PROVIDED MATERIAL START
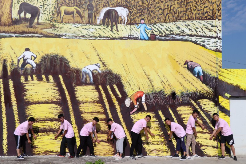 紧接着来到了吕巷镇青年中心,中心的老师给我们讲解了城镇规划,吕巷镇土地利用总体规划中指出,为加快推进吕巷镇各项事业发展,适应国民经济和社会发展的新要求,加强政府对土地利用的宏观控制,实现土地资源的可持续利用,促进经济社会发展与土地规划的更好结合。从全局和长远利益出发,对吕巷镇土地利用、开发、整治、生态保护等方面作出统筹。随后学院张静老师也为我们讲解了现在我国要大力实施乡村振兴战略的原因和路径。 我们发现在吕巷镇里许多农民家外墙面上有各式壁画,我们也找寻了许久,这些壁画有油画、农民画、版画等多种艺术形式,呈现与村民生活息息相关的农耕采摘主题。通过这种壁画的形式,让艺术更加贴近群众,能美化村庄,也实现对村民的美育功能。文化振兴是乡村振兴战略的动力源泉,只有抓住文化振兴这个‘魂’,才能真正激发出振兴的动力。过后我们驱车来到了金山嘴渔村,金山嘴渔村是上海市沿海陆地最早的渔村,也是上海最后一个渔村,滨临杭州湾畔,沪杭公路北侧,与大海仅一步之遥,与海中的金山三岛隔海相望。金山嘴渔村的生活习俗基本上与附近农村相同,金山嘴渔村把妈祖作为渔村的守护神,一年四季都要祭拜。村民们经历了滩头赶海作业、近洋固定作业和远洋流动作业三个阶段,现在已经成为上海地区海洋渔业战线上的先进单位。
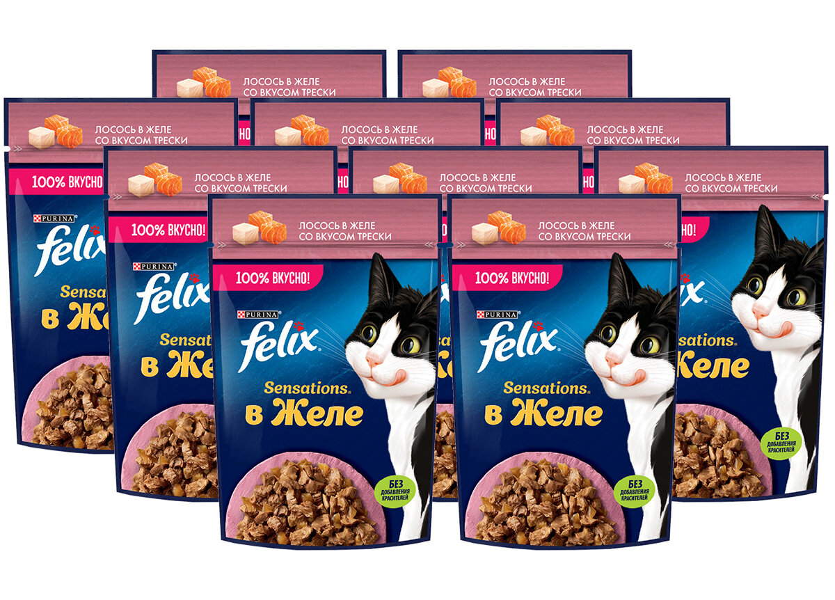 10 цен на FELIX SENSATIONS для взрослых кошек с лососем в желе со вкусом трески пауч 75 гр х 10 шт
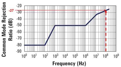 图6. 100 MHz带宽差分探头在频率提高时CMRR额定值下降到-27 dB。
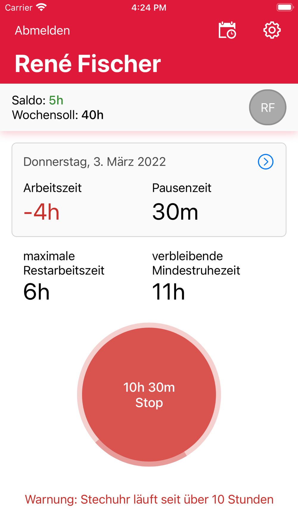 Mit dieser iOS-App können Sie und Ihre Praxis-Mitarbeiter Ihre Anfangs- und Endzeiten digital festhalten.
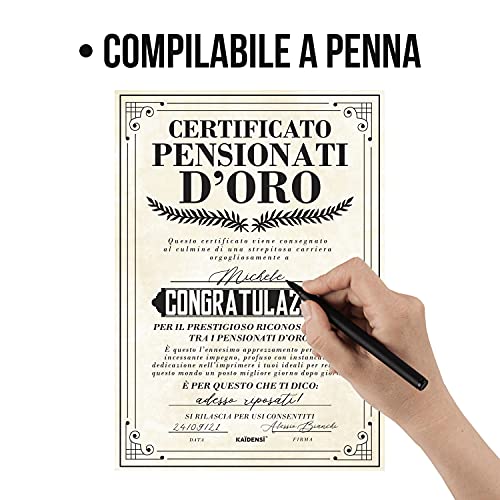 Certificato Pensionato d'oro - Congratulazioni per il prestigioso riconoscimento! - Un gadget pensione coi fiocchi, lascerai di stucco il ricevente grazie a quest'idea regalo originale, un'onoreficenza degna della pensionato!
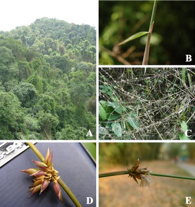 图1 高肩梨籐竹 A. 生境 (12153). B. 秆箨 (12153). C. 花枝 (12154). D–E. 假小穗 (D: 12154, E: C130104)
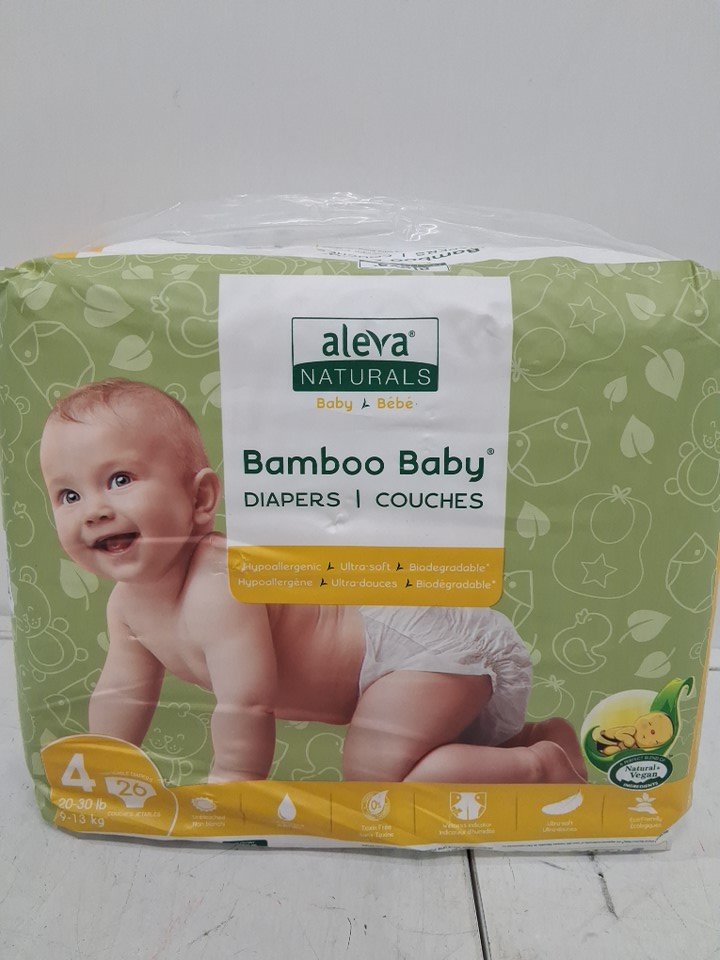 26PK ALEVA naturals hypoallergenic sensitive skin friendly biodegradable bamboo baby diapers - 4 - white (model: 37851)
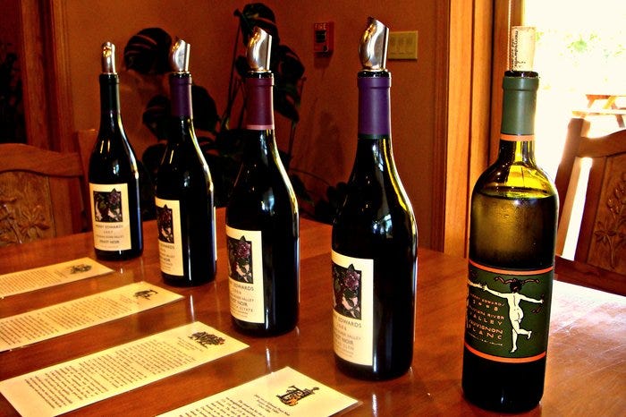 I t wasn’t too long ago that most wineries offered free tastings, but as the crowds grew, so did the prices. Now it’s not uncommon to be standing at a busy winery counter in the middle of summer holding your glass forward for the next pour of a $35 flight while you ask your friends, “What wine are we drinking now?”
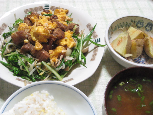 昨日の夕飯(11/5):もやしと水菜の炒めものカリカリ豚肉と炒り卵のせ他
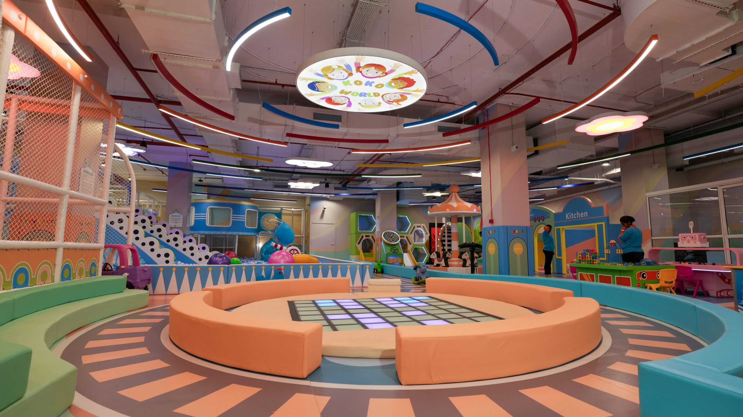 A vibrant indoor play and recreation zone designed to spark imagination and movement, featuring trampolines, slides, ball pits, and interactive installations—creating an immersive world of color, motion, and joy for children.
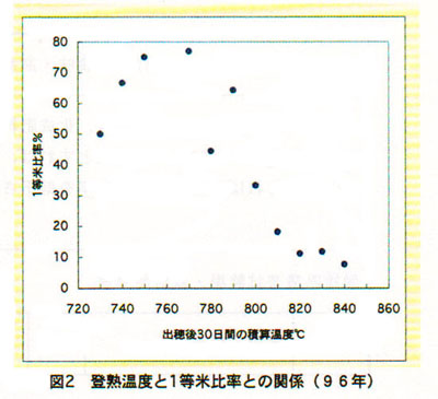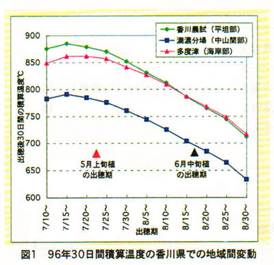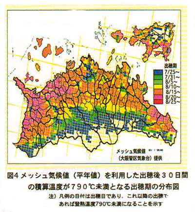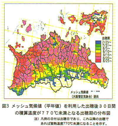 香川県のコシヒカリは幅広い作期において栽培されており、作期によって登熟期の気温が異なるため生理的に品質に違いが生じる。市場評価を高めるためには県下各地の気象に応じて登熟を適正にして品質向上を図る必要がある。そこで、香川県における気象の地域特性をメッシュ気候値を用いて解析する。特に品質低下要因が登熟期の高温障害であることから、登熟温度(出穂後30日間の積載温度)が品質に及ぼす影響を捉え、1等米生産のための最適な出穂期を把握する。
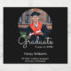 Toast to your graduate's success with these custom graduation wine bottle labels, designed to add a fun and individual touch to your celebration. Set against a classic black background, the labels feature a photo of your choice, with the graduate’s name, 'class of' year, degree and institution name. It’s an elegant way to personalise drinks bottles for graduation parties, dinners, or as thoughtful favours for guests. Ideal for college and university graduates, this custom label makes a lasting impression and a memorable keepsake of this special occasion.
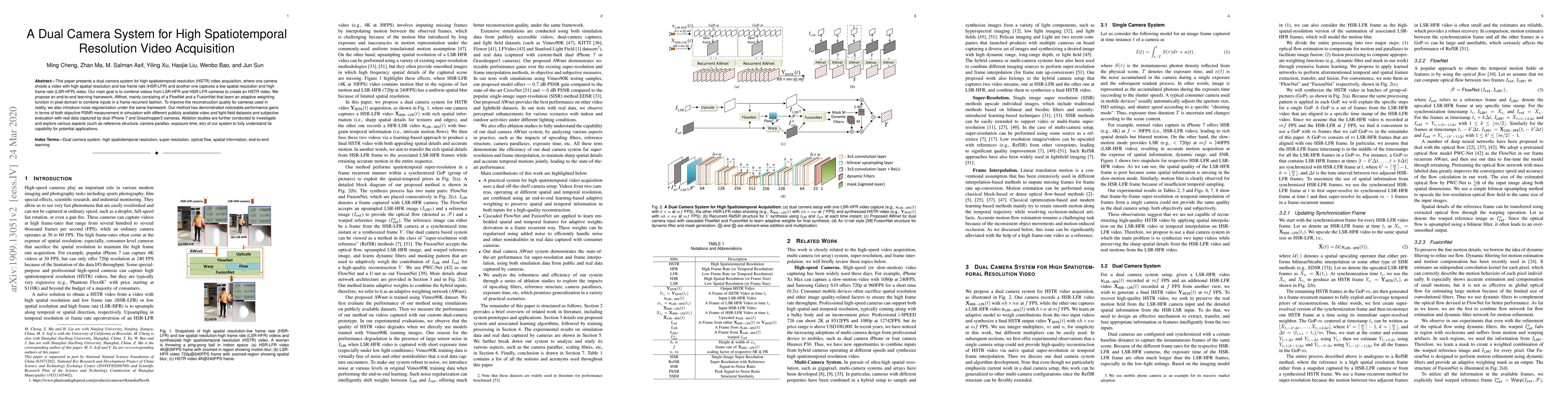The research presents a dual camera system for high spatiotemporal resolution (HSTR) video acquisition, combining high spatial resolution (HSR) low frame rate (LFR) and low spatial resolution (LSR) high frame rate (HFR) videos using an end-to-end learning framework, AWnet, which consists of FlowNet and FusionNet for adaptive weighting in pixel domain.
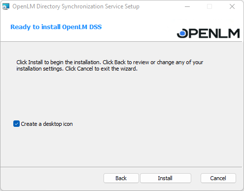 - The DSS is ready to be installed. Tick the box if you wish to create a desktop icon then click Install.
PROVIDED MATERIAL END
Give back an exact reproduction of the entries, with all pictures excluded.

 紧接着来到了吕巷镇青年中心,中心的老师给我们讲解了城镇规划,吕巷镇土地利用总体规划中指出,为加快推进吕巷镇各项事业发展,适应国民经济和社会发展的新要求,加强政府对土地利用的宏观控制,实现土地资源的可持续利用,促进经济社会发展与土地规划的更好结合。从全局和长远利益出发,对吕巷镇土地利用、开发、整治、生态保护等方面作出统筹。随后学院张静老师也为我们讲解了现在我国要大力实施乡村振兴战略的原因和路径。 我们发现在吕巷镇里许多农民家外墙面上有各式壁画,我们也找寻了许久,这些壁画有油画、农民画、版画等多种艺术形式,呈现与村民生活息息相关的农耕采摘主题。通过这种壁画的形式,让艺术更加贴近群众,能美化村庄,也实现对村民的美育功能。文化振兴是乡村振兴战略的动力源泉,只有抓住文化振兴这个‘魂’,才能真正激发出振兴的动力。过后我们驱车来到了金山嘴渔村,金山嘴渔村是上海市沿海陆地最早的渔村,也是上海最后一个渔村,滨临杭州湾畔,沪杭公路北侧,与大海仅一步之遥,与海中的金山三岛隔海相望。金山嘴渔村的生活习俗基本上与附近农村相同,金山嘴渔村把妈祖作为渔村的守护神,一年四季都要祭拜。村民们经历了滩头赶海作业、近洋固定作业和远洋流动作业三个阶段,现在已经成为上海地区海洋渔业战线上的先进单位。
 10 цен на FELIX SENSATIONS для взрослых кошек с лососем в желе со вкусом трески пауч 75 гр х 10 шт
 图6. 100 MHz带宽差分探头在频率提高时CMRR额定值下降到-27 dB。
 Mit dieser iOS-App können Sie und Ihre Praxis-Mitarbeiter Ihre Anfangs- und Endzeiten digital festhalten.
 Certificato Pensionato d'oro - Congratulazioni per il prestigioso riconoscimento! - Un gadget pensione coi fiocchi, lascerai di stucco il ricevente grazie a quest'idea regalo originale, un'onoreficenza degna della pensionato!
 图1 高肩梨籐竹 A. 生境 (12153). B. 秆箨 (12153). C. 花枝 (12154). D–E. 假小穗 (D: 12154, E: C130104)
 26PK ALEVA naturals hypoallergenic sensitive skin friendly biodegradable bamboo baby diapers - 4 - white (model: 37851)
 I t wasn’t too long ago that most wineries offered free tastings, but as the crowds grew, so did the prices. Now it’s not uncommon to be standing at a busy winery counter in the middle of summer holding your glass forward for the next pour of a $35 flight while you ask your friends, “What wine are we drinking now?”
 昨日の夕飯(11/5):もやしと水菜の炒めものカリカリ豚肉と炒り卵のせ他
 A vibrant indoor play and recreation zone designed to spark imagination and movement, featuring trampolines, slides, ball pits, and interactive installations—creating an immersive world of color, motion, and joy for children.
 香川県のコシヒカリは幅広い作期において栽培されており、作期によって登熟期の気温が異なるため生理的に品質に違いが生じる。市場評価を高めるためには県下各地の気象に応じて登熟を適正にして品質向上を図る必要がある。そこで、香川県における気象の地域特性をメッシュ気候値を用いて解析する。特に品質低下要因が登熟期の高温障害であることから、登熟温度(出穂後30日間の積載温度)が品質に及ぼす影響を捉え、1等米生産のための最適な出穂期を把握する。
 Toast to your graduate's success with these custom graduation wine bottle labels, designed to add a fun and individual touch to your celebration. Set against a classic black background, the labels feature a photo of your choice, with the graduate’s name, 'class of' year, degree and institution name. It’s an elegant way to personalise drinks bottles for graduation parties, dinners, or as thoughtful favours for guests. Ideal for college and university graduates, this custom label makes a lasting impression and a memorable keepsake of this special occasion.
The research presents a dual camera system for high spatiotemporal resolution (HSTR) video acquisition, combining high spatial resolution (HSR) low frame rate (LFR) and low spatial resolution (LSR) high frame rate (HFR) videos using an end-to-end learning framework, AWnet, which consists of FlowNet and FusionNet for adaptive weighting in pixel domain.
 - The DSS is ready to be installed. Tick the box if you wish to create a desktop icon then click Install.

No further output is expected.